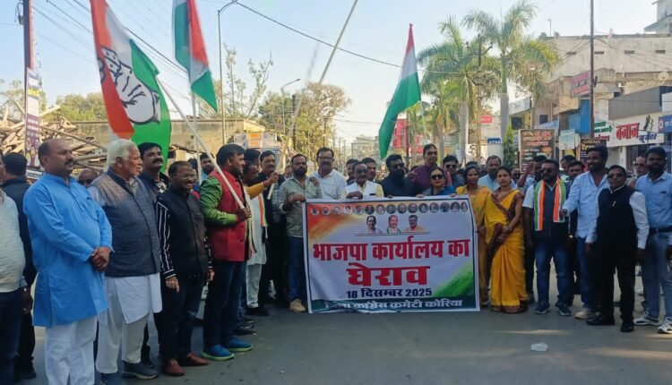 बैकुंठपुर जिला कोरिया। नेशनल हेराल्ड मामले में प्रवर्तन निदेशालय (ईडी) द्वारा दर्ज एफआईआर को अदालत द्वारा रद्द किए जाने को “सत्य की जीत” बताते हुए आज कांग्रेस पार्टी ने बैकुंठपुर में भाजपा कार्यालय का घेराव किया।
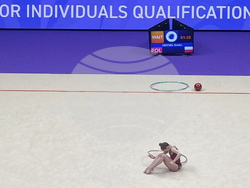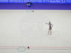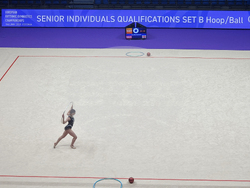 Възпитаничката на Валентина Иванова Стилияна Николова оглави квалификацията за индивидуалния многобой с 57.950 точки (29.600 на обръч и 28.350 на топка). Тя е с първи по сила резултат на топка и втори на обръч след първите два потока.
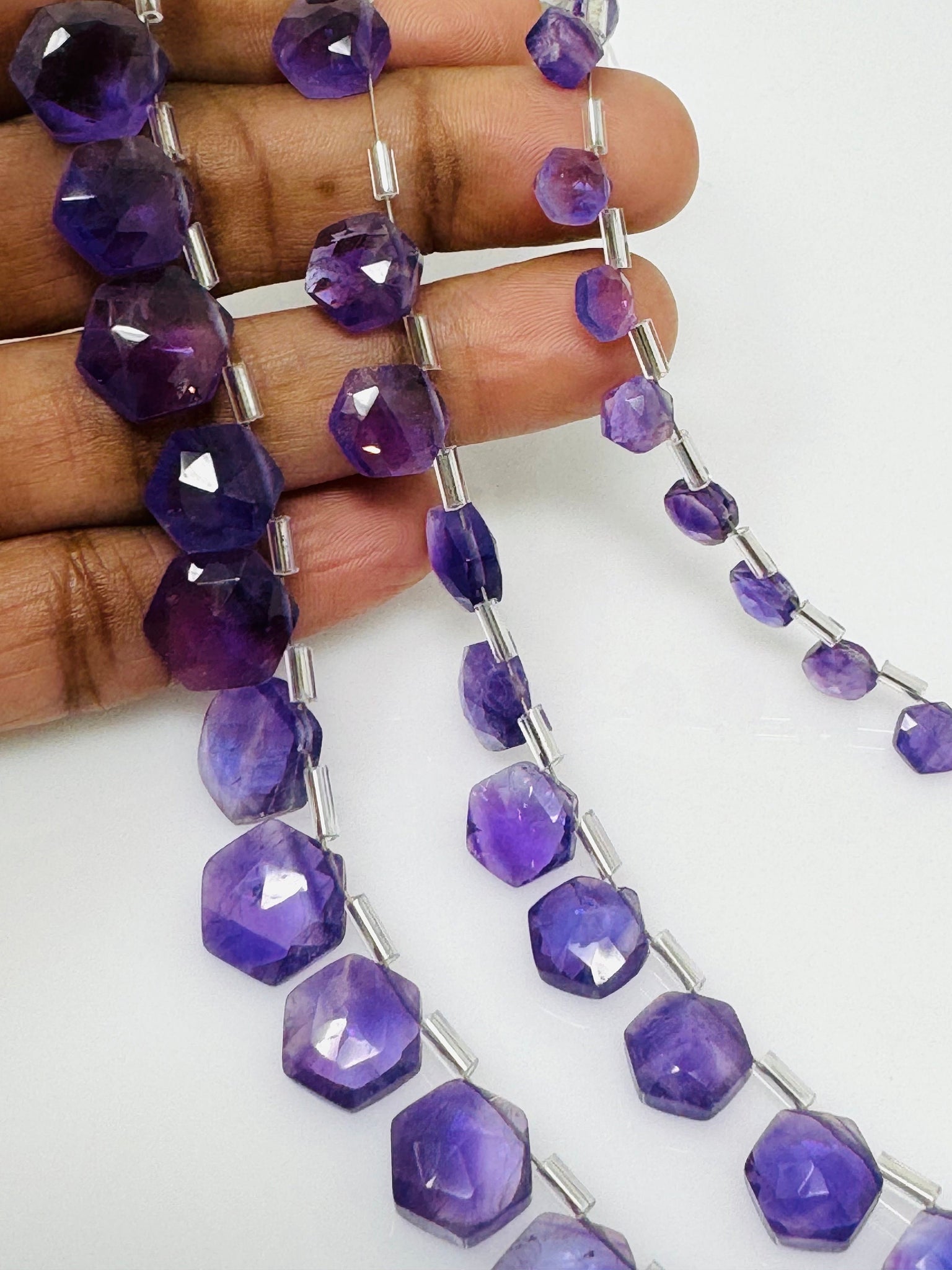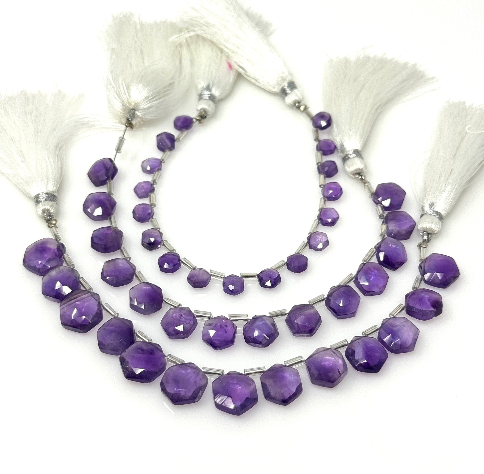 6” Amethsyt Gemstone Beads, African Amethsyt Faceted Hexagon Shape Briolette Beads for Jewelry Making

▸ REQUIRED ACTION
Excluding all images, transcribe the material word for word.

▸ RESULT FOR THIS EXERCISE
 बैकुंठपुर जिला कोरिया। नेशनल हेराल्ड मामले में प्रवर्तन निदेशालय (ईडी) द्वारा दर्ज एफआईआर को अदालत द्वारा रद्द किए जाने को “सत्य की जीत” बताते हुए आज कांग्रेस पार्टी ने बैकुंठपुर में भाजपा कार्यालय का घेराव किया।
 Възпитаничката на Валентина Иванова Стилияна Николова оглави квалификацията за индивидуалния многобой с 57.950 точки (29.600 на обръч и 28.350 на топка). Тя е с първи по сила резултат на топка и втори на обръч след първите два потока.
 6” Amethsyt Gemstone Beads, African Amethsyt Faceted Hexagon Shape Briolette Beads for Jewelry Making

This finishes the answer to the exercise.